У ручья, где батальон должен был остановиться, Черноярова встретил офицер связи и передал приказ командира полка двигаться дальше и выйти к поселку, до которого было еще около восьми километров.

— Да-а-а! — прочитав приказ, проговорил Чернояров. — Еще часа два топать.

— Я в подразделения пойду, поговорю с коммунистами и комсомольцами о новом приказе, — сказал Лесовых.

— Ладно, иди, — ответил Чернояров, — и еще раз скажи им, чтоб ни одного отстающего! А я сейчас командиров вызову.

С раздвоенным чувством уходил Лесовых от Черноярова. То недоверие к людям, которое так и сквозило в каждом слове и в каждом действии Черноярова, было обидным и оскорбительным для Лесовых. Но он всегда видел, что Чернояров вкладывает все свои силы в выполнение боевого приказа и делает все, чтобы батальон действовал как можно лучше. Это последнее было главным на войне и во многом оправдывало и грубость Черноярова и его недоверие к подчиненным.

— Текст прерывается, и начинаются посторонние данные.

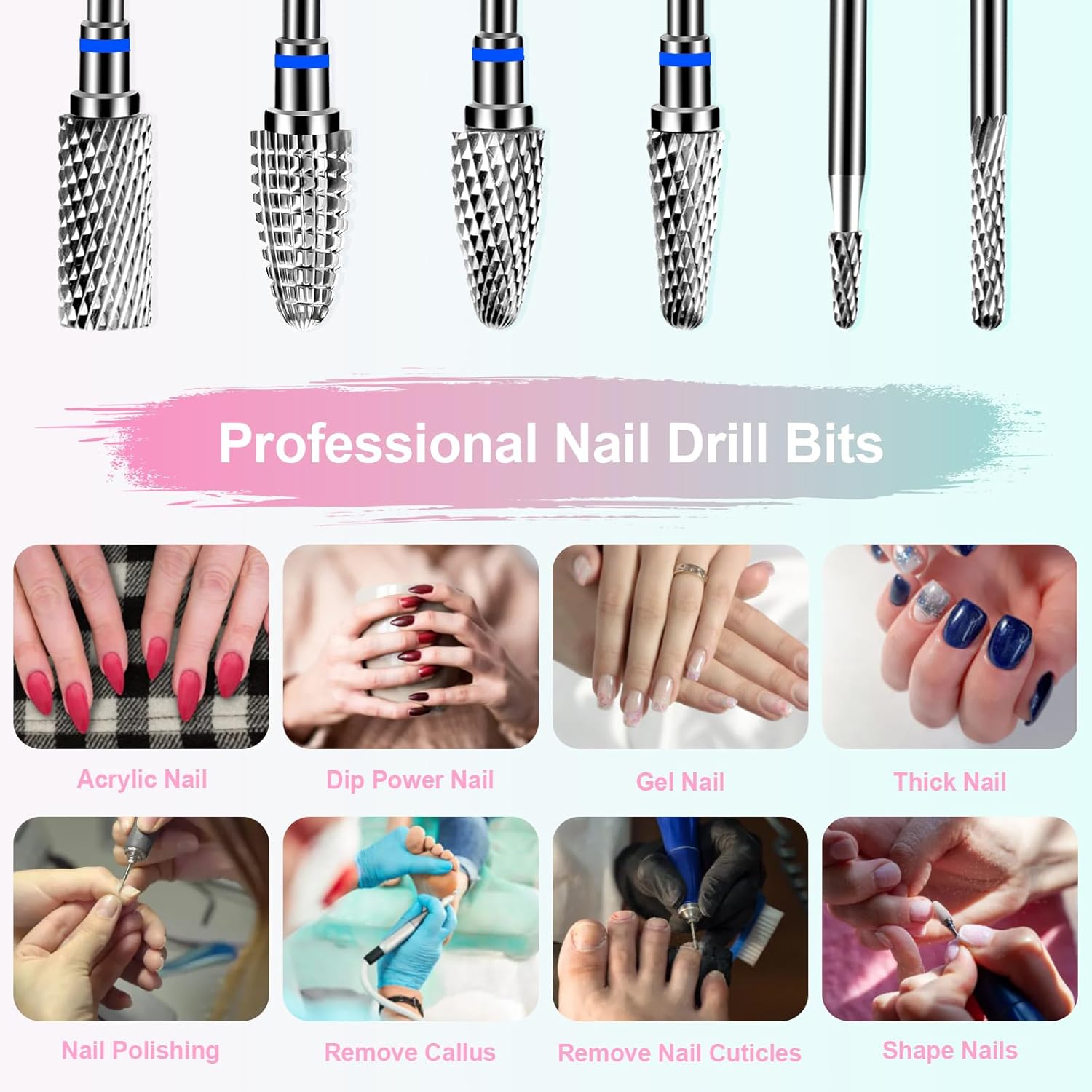 De nagelboorset is geschikt voor nagelstudio’s, schoonheidssalons, manicure of persoonlijke manicure en manicure-beginners. Compleet met 6 verschillende vormen van hardmetalen nagelboren, voldoet deze boorbitset aan alle behoeften van manicure pedicure, duurzaam, corrosiebestendig en veilig te bedienen, manicurenagels en houdt je nagels gezond. 6 stuks nagelboorbits, 3/82 inch diameter van de schacht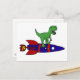 Funny T-Rex Dinosaur Riding Rocketship Cartoon Postcard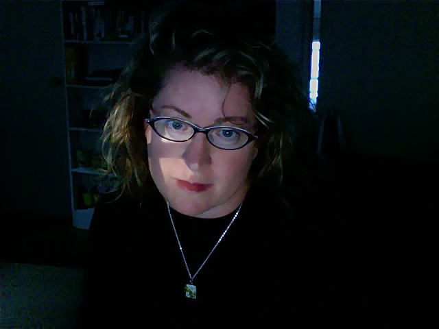 P.S. Here is a photo of me wearing one of my new Etsy purchases, a bookworm pendant. Hee!

«В самом деле, — раздумывал Лесовых, — война — это такое дело, где человек рискует самым ценным — собственной жизнью. Каждому жизнь дорога, и каждый любым путем стремится сохранить ее. А воевать нужно, значит нужно и жизнью рисковать. Только не все люди высокосознательны и способны самостоятельно пойти на риск. Значит, нужна твердая, жесткая дисциплина. Может, и не прав я, когда раньше обвинял Черноярова в грубости, в выпячивании собственного «я»? Может, это особенно и нужно на войне?»

Весть о приказе пройти еще восемь километров неизвестно какими путями дошла уже до солдат. Они шли в темноте, шепотом переговариваясь друг с другом, и Лесовых жадно ловил обрывки их разговора:

— Эх-хе-хе! Далеконько еще.

— Вот если б не слякоть эта…

— Если бы не слякоть, то шагай да шагай себе.

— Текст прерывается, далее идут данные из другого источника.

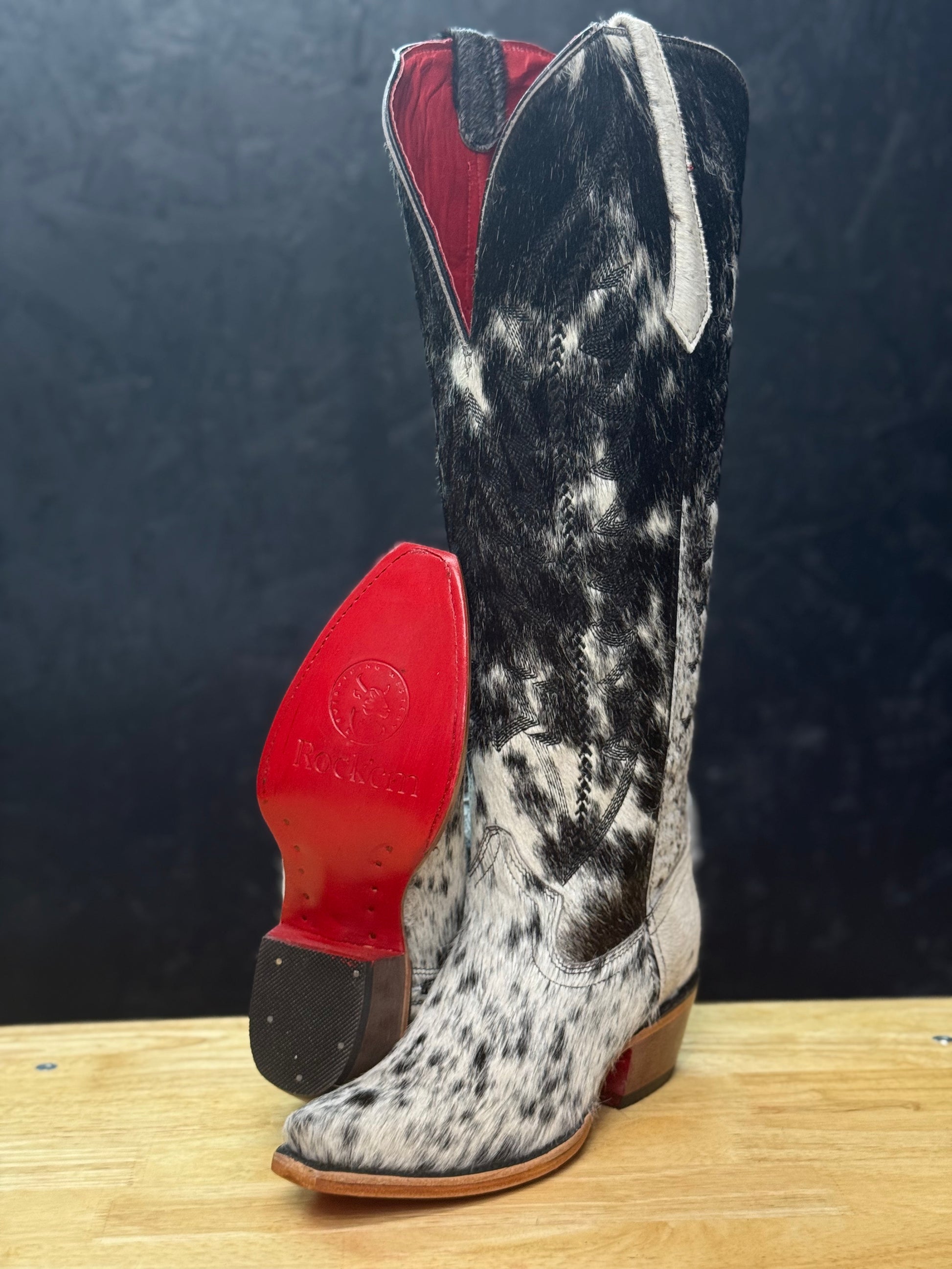 Where Western heritage meets elevated style — the Tall Red Bottom Cowhide Cowgirl Boot by Rock’em is designed for women who walk with presence. Handcrafted in León, Guanajuato, this striking boot features 100% genuine cowhide leather with natural fur that extends the full height of the shaft for a bold, fashion-forward silhouette.

— Шагай! А ноги-то, что ж, они железные, что ль?

— Железо, оно бы давно сломалось, не выдержало, а человек все выдерживает.

— А что, товарищ старший политрук, немец-то, говорят, в Воронеж прорвался? — узнав Лесовых, спросил кто-то из солдат.

Лесовых поймал ломкий свет мигнувшей в просвете туч звезды, но тут же упустил этот свет и с опустошающей ясностью понял тревожный вопрос солдата. Он и сам не знал, прорвались немцы к Воронежу или не прорвались, но по всему, что видел в эти дни, что слышал из скупых, отрывочных рассказов о действиях других частей, понимал: положение на фронте тяжелое, немцы далеко продвинулись вперед, и вся страна опять стоит под угрозой смертельной опасности.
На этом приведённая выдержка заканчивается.